What exactly happened at 6:45 p.m. on June 14, when Oprah Winfrey showed up at the Hermes boutique on the Rue Faubourg Saint Honore and was refused entrance? Was she actually turned away unrecognized as a shop employee murmured something about the store having a problem recently with North African women as some sources originally reported? Or was she in fact recognized and invited to come back, barred only because the store was closed for a private function?
Depends on who you talk to. Now, if we owned Hermes, there wouldn’t be any function so private it couldn’t include Oprah, who supposedly cancelled an order for yet another Birkin bag (not to worry, she apparently already owns a dozen) over the ugly incident. In any case, Oprah has indicated that she is planning to talk about what happened when her show returns from hiatus in September and frankly, we can’t wait.
In the meantime, the whole incident got us thinking about who’s welcome, and who’s emphatically not, in stores around town. Actually, because of our peculiar penchant for spending hours wandering around ritzy department stores and overpriced boutiques when other people are out playing sports, attending cultural events, and generally having a life, this is a question we’ve wrestled with for years. When a vintage shop we loved in Soho installed a buzzered door, we immediately thought, what can you see through a door, anyway? You can’t tell if the person has any money, since it’s well known that some of the biggest slobs turn out to be filthy rich. There’s only one thing you can see when you glance through a glass pane. Skin color.
It has often occurred to us that the way we live—have always lived—with the constant looking, looking, looking in shops we can rarely afford (including Hermes); our desire to fondle fancy stuff; this endless, rather embarrassing fascination with high-end merchandise, would never have been possible if we hadn’t been born white. All that cruising around the third floor of Bergdorf’s, hushed as a mausoleum, where 80- year-olds buy Bill Blass tailleurs? Forget it. Our habit of trying something on 10,000 times before buying? Not likely. Our shameful tendency to buy and then return items—only, on some occasions, to turn around and buy them again when they’re marked down further? Call in the security guards.
It’s wonderful that the 1964 civil rights bill, says, in effect, that if you’re a store that is open to the public, that means the entire public. But in a million subtle and not-so-subtle ways, from that unbuzzed door to the suspicious salespeople to the hostile security guards, people of color are made to feel uncomfortable in shops every day of their lives.

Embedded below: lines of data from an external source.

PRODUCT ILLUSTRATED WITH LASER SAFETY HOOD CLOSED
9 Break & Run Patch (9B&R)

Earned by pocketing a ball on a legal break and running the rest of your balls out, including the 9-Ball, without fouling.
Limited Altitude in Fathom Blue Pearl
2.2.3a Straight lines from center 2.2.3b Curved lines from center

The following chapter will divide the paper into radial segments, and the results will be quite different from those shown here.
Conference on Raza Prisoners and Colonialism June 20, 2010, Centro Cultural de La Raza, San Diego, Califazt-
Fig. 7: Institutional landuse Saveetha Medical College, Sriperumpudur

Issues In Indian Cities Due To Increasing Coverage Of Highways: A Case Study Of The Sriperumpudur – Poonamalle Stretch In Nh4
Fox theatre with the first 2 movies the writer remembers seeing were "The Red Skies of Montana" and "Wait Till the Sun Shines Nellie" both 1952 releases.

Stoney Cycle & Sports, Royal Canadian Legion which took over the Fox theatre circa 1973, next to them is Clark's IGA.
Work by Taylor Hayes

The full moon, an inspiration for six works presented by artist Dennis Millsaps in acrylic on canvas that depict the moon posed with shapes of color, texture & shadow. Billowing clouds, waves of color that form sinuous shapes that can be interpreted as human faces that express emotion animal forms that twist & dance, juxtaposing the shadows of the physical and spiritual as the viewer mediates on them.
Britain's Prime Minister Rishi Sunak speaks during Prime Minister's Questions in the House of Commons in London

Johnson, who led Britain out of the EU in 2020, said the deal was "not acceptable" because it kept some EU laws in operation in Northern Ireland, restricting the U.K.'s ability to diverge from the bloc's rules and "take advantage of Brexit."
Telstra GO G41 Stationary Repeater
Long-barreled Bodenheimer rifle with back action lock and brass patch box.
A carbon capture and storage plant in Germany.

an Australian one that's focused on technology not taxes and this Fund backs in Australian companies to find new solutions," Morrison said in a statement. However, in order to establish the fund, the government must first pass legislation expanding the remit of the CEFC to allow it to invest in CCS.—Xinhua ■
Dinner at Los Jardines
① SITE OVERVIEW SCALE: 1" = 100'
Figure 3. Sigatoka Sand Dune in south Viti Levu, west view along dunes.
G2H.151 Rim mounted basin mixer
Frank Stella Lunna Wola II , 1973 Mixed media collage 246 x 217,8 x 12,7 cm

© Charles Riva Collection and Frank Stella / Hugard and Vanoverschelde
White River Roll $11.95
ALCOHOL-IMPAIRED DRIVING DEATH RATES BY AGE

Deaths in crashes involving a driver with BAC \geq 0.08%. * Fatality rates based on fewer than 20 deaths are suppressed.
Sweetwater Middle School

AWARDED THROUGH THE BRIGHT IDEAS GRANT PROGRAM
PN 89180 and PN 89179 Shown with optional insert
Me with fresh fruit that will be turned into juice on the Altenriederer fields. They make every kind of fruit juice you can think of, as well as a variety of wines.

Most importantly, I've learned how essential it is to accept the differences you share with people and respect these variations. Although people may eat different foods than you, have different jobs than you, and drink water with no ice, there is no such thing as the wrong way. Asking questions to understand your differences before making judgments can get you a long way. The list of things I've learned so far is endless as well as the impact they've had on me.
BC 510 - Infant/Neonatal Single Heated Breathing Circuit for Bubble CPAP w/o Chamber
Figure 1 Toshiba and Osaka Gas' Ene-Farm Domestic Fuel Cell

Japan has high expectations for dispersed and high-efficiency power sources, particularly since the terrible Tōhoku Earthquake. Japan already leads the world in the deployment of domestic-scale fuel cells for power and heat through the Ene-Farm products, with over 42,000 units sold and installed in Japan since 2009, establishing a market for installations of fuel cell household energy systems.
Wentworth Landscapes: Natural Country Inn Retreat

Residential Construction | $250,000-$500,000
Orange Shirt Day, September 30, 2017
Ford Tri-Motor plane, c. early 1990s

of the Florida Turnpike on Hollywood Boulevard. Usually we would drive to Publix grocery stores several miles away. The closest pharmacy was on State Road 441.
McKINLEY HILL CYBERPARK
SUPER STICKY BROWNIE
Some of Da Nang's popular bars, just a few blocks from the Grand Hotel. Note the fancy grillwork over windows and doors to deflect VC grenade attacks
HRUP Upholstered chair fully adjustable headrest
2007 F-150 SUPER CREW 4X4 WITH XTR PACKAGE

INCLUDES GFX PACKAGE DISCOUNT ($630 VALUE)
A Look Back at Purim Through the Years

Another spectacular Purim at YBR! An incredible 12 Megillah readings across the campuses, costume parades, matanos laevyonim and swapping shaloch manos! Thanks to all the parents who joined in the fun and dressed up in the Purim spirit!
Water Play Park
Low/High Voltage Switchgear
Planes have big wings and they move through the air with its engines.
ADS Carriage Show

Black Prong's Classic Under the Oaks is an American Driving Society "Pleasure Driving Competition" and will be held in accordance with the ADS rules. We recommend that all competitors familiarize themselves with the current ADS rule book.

We were once talking to a guy we know who works on the fourth floor of Barneys selling tattered Comme des Garcons shifts, deconstructed Martin Margiela jackets, and other pretend-poor clothes with four-figure price tags. When we asked which collections he particularly liked, he shrugged. “I can’t wear any of this shit,” he said. He didn’t even sound sad, just matter of fact. “What do you think people think when they see a black man dressed in something all raggedy?”